The struggle was easier yesterday, I was in a place of acceptance, thanks to the gongs. Sound healing is beginning to reach a standing in the scientific community. Which well it should. Everything vibrates, everything is vibration. Gongs match the human vibration on a cellular level, and they seem to know where to go, what you need to deal with, and allow it to happen. It can be painful as it comes up, not just emotionally, but sometimes physically. I have had joint issues, etc, that were painful during the gongs, but so much better after. One night my carpal tunnel was killing me during the gong bath, but that night I slept with absolutely no pain, no sleeping pills, nothing. And sometimes, it is emotional pain that comes up…and is allowed to heal, like Friday night.

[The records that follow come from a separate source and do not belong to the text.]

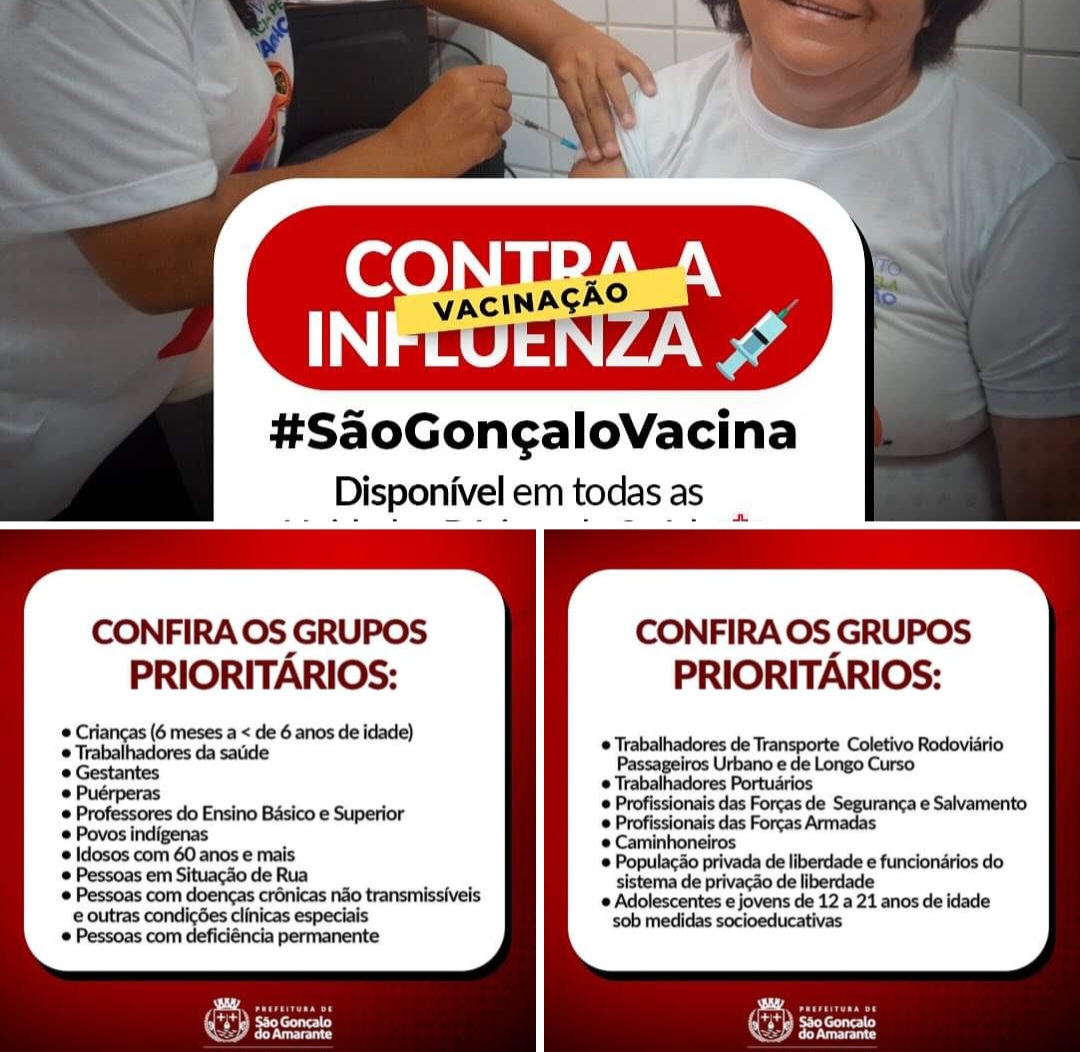 Não perca tempo, venha se vacinar e faça parte dessa corrente pela saúde! #Vacinação #SaúdePública #Prevenção #SãoGonçalo #Influenza #BemEstar #RN
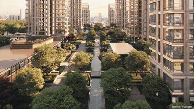 更难得的是,在未来,这些绿色空间将与建筑融合,形成流动的有机整体。一楼的全域架空层设计,让室内外空间自然过渡。超275米的南北中央景观轴,将各个园区串联成一条绿色脉络。
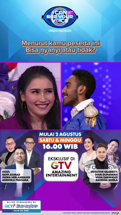 Bikin melting Ayu Ting-Ting, cari tau jawaban dari suara peserta satu ini dengan nonton keseruan Music Variety Show Bertabur Bintang 🤩🎼🎤 I Can See Your Voice Indonesia Mulai 2 Agustus Sabtu & Minggu Pkl 16.00 WIB Hanya di GTV #icanseeyourvoicegtv #icanseeyourvoiceindonesia #gtv #ayutingting
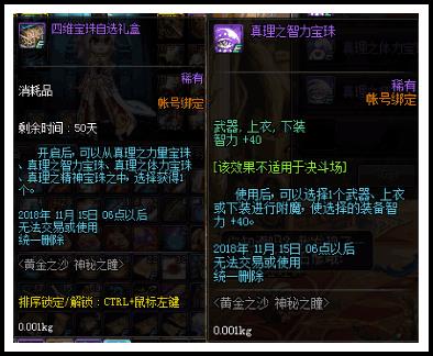 首推的自然是国庆黄金之沙活动商店可以兑换的真理之智力宝珠,可以给武器、上衣、下装附魔40点智力。每天上线做做活动,很容易就能将2个四维宝珠自选礼盒换完。
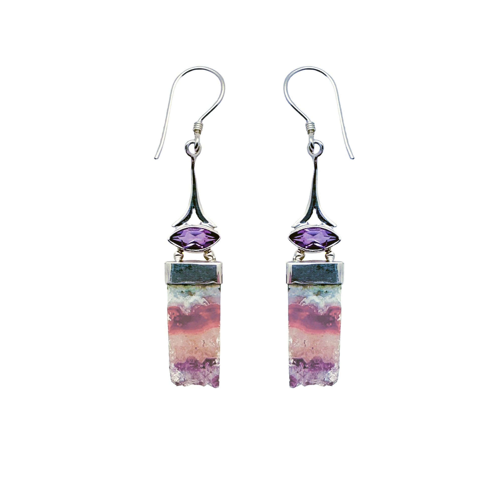 (365BAMCR) Amethyst and Uruguayan Crystal Earrings
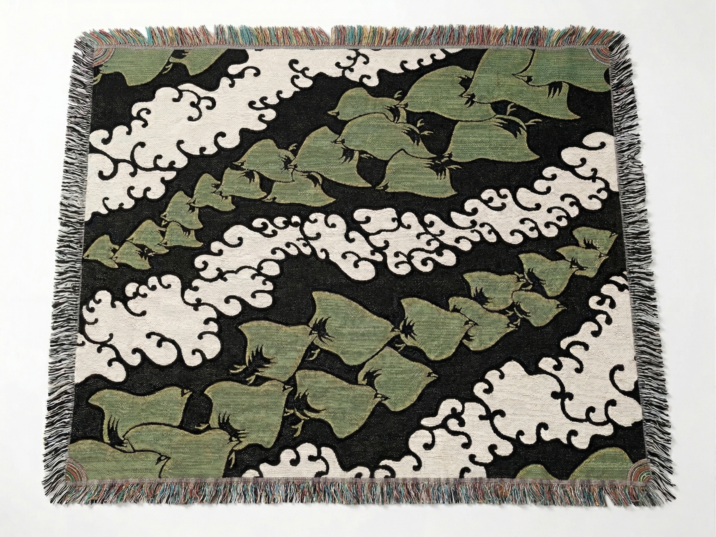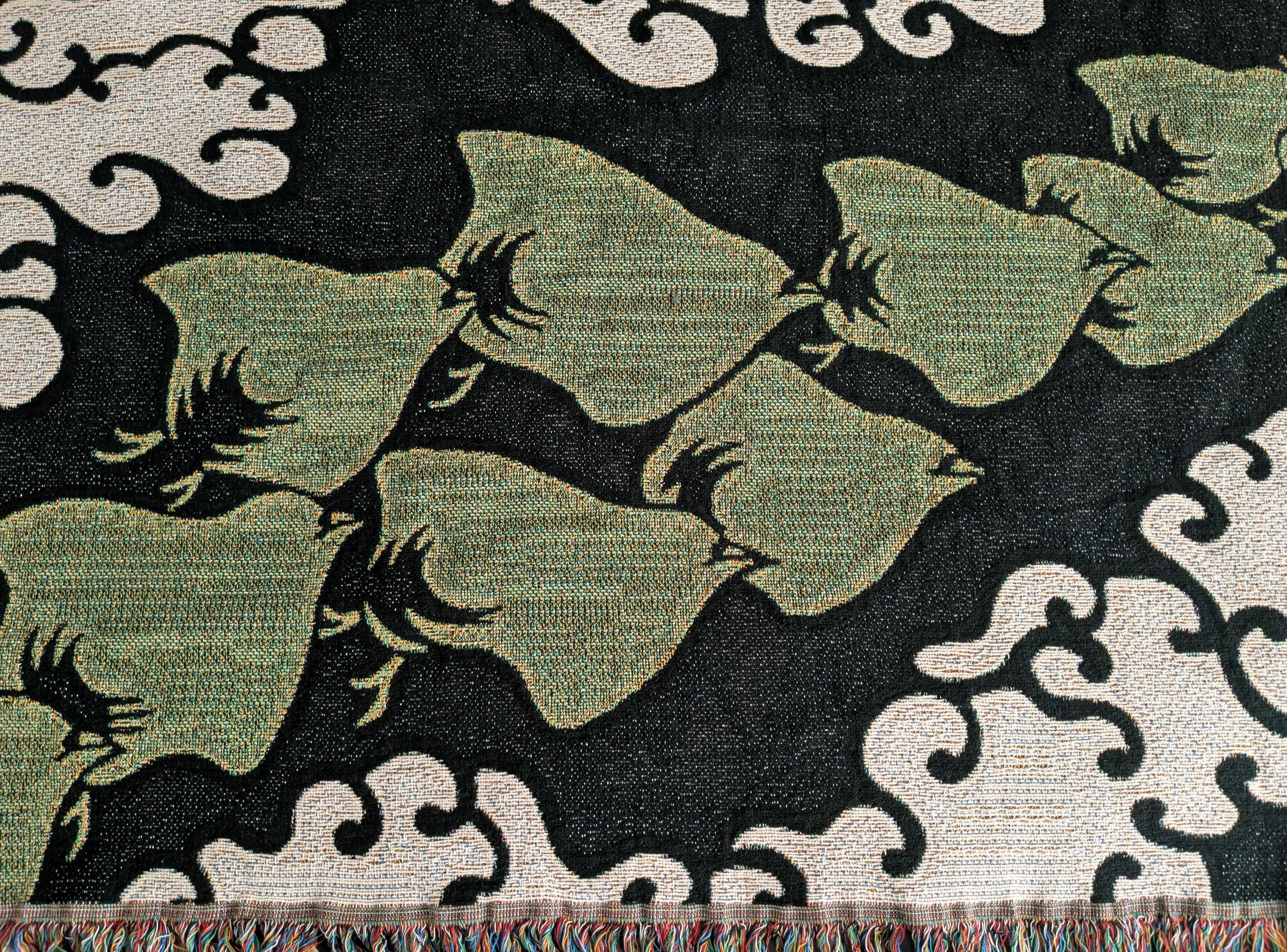 The chrysanthemum blanket is so stunning - I've been keeping mine in my office for when it gets a bit chilly. I have the Fiesta blanket too, same size, but the chrysanthemum one has white fleece on the back. Also, my review photo isn’t showing the color right- it’s definitely a golden yellow and not greenish. Shipping was faster than I expected to the west coast, esp with these shipping from London. Highly recommended!
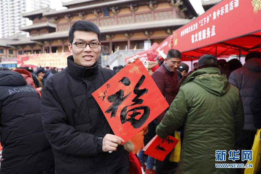 1月15日,在靜寧縣成紀(jì)廣場(chǎng),市民在展示福字。 當(dāng)日,甘肅省2019年文化科技衛(wèi)生“三下鄉(xiāng)”集中示范活動(dòng)在甘肅省靜寧縣舉行,文化、醫(yī)療和科技工作者為當(dāng)?shù)厝罕娝腿ベN心服務(wù)和新春祝福。 新華社發(fā)(張智敏 攝) -
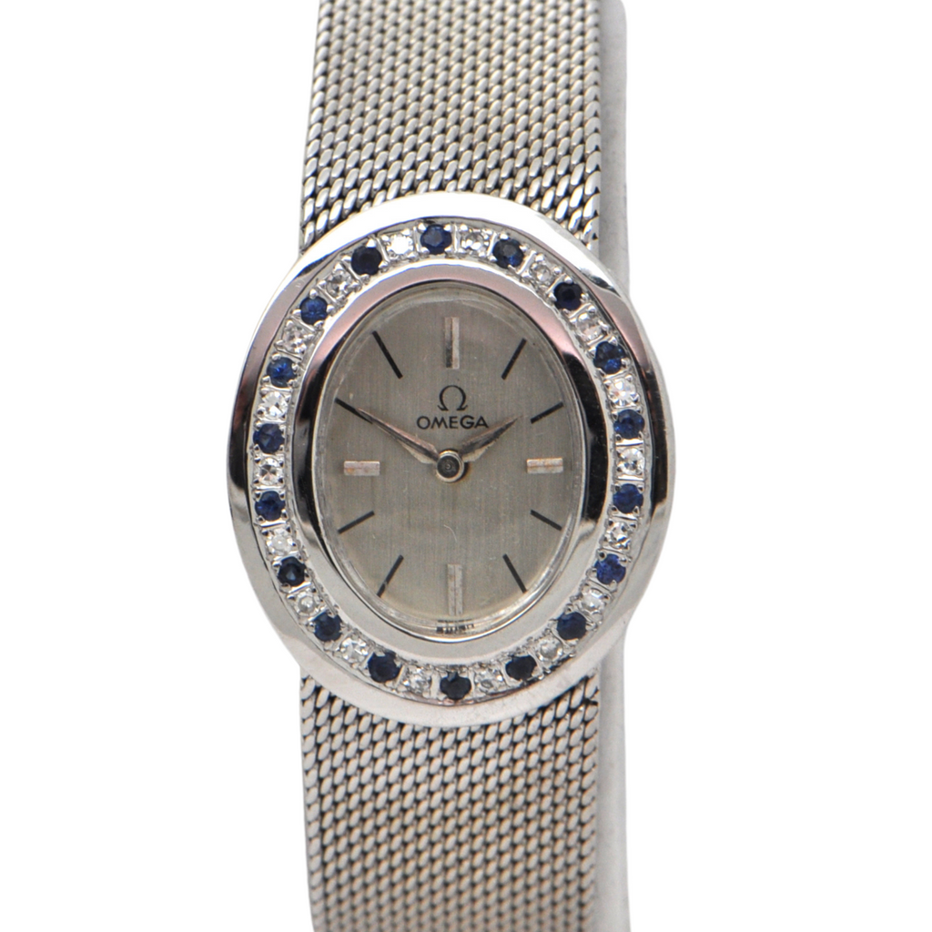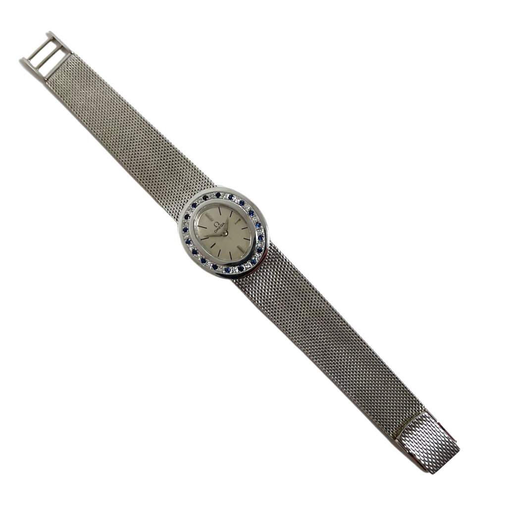 Elegant vintage Omega 18k white gold watch with a bezel accented in diamonds and sapphires c.1960's. Band is tightly woven shark mesh and attaches with a jewelry fold over clasp.
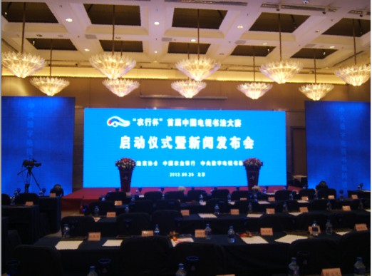 据介绍,“农行杯”首届中国电视书法大赛是由中国书法家协会、中央数字电视书画频道、中国农业银行共同主办的面向全国书法家、书法爱好者的专业赛事。本次赛事是在充分响应党和国家关于文化大发展、大繁荣,迎接党的十八大召开之际而举办的。三家主办单位达成高度一致,力求用举办大赛的方式弘扬中国书法艺术、传承中华文化。本次大赛将面向全国书法家及书法爱好者广泛征集作品,并邀请中国书法界的知名艺术家组成高水平的专业评委会,以“书画频道”及众多专业媒体、大众媒体作为推广平台,力求将本届大赛打造成为中国书法界一次具有里程碑意义的专业大赛。
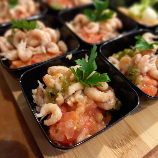-2x Grijze Noordzee garnalen met tartaar van tomaat, basilicum dressing
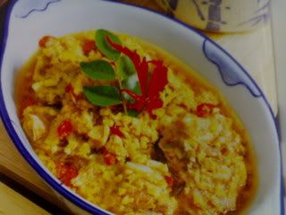 做法:1)倒入麻油 ,炒香姜丝 ,加入蛋液 ,煎至两面金黄色 ,放入黄酒煮滚 .
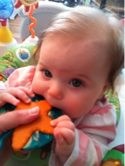 I think Miss Allie will be cutting her 3rd bottom tooth but is smiling most of the time, when she isn’t trying to chew on something!
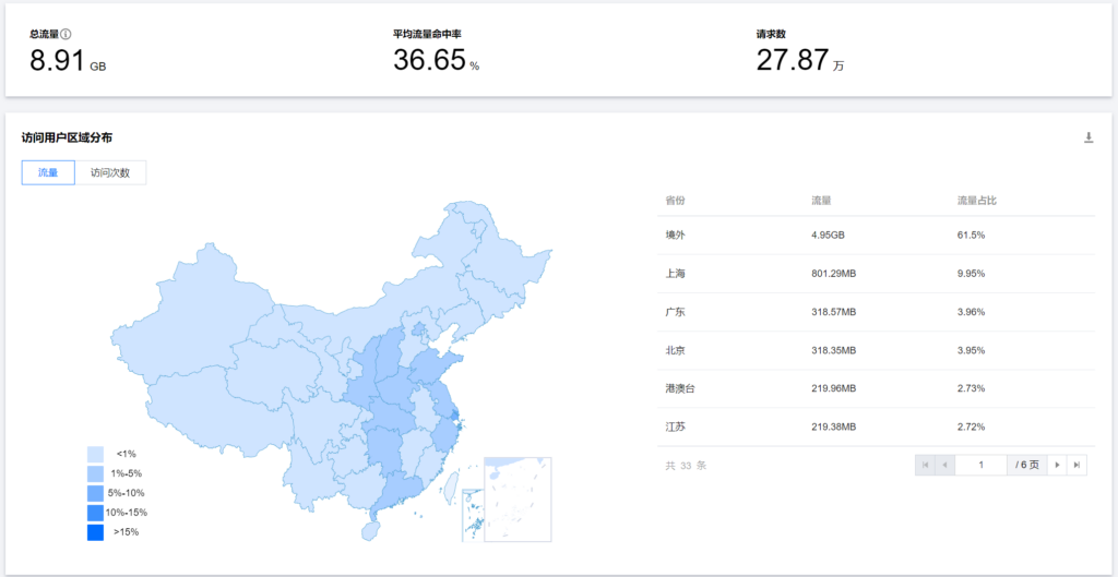 - 61.5%的流量是境外的,我的CDN对他们不起作用,我还要付回源流量的钱

So much healing is available.
Anyway, the gray skies have cleared to sunny, clear, but breezy. A sailor’s dream. I think I’ll be home today, making jewelry. Except to run out to the store, and get the bagels for my son that I forgot yesterday. I looked at my checking account balance this morning, lol. I need to get some new things on my jewelry site, and make some money….Probably sit on my deck, it’s my favorite place to do it. I have so much stuff, that has been sitting idle, not made because of my issues with my hand. But that’s now resolved, so I think I’ll get creative today and see what comes up.
I’ll be alone today, all day…my son is working, then has a date…he’ll be gone until late. I hope that the voices in my head stay still, and let me be, lol. It’s easier not to think about “things” when his chaotic energy is in the house. Young, effusive, righteous, lol. places to go, people to see, things to do…..
Love and light all, have a peaceful Sunday.